(Records from a data collection)
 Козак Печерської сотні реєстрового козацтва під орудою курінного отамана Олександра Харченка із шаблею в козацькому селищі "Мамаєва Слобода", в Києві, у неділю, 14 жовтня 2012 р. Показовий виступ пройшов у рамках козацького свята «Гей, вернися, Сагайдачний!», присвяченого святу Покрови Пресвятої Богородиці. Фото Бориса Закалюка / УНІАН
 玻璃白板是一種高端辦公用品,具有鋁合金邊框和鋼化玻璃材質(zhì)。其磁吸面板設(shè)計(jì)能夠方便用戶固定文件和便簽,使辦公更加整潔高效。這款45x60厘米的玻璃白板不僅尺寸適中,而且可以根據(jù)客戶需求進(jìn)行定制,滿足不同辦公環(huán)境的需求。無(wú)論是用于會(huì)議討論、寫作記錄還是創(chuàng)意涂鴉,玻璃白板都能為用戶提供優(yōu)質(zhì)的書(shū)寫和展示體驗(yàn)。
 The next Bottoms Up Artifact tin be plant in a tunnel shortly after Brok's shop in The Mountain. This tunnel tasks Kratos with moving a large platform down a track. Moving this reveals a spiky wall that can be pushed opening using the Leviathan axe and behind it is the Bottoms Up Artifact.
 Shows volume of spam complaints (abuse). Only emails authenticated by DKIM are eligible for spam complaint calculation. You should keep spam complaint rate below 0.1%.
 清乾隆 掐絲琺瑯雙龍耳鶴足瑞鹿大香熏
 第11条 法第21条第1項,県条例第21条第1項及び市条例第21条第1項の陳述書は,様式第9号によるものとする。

● Required action
Final part of the records: return the line that contains "The next Bottoms" and every line after it, exactly, with no other lines added.

● Answer for this exercise
 The next Bottoms Up Artifact tin be plant in a tunnel shortly after Brok's shop in The Mountain. This tunnel tasks Kratos with moving a large platform down a track. Moving this reveals a spiky wall that can be pushed opening using the Leviathan axe and behind it is the Bottoms Up Artifact.
 Shows volume of spam complaints (abuse). Only emails authenticated by DKIM are eligible for spam complaint calculation. You should keep spam complaint rate below 0.1%.
 清乾隆 掐絲琺瑯雙龍耳鶴足瑞鹿大香熏
 第11条 法第21条第1項,県条例第21条第1項及び市条例第21条第1項の陳述書は,様式第9号によるものとする。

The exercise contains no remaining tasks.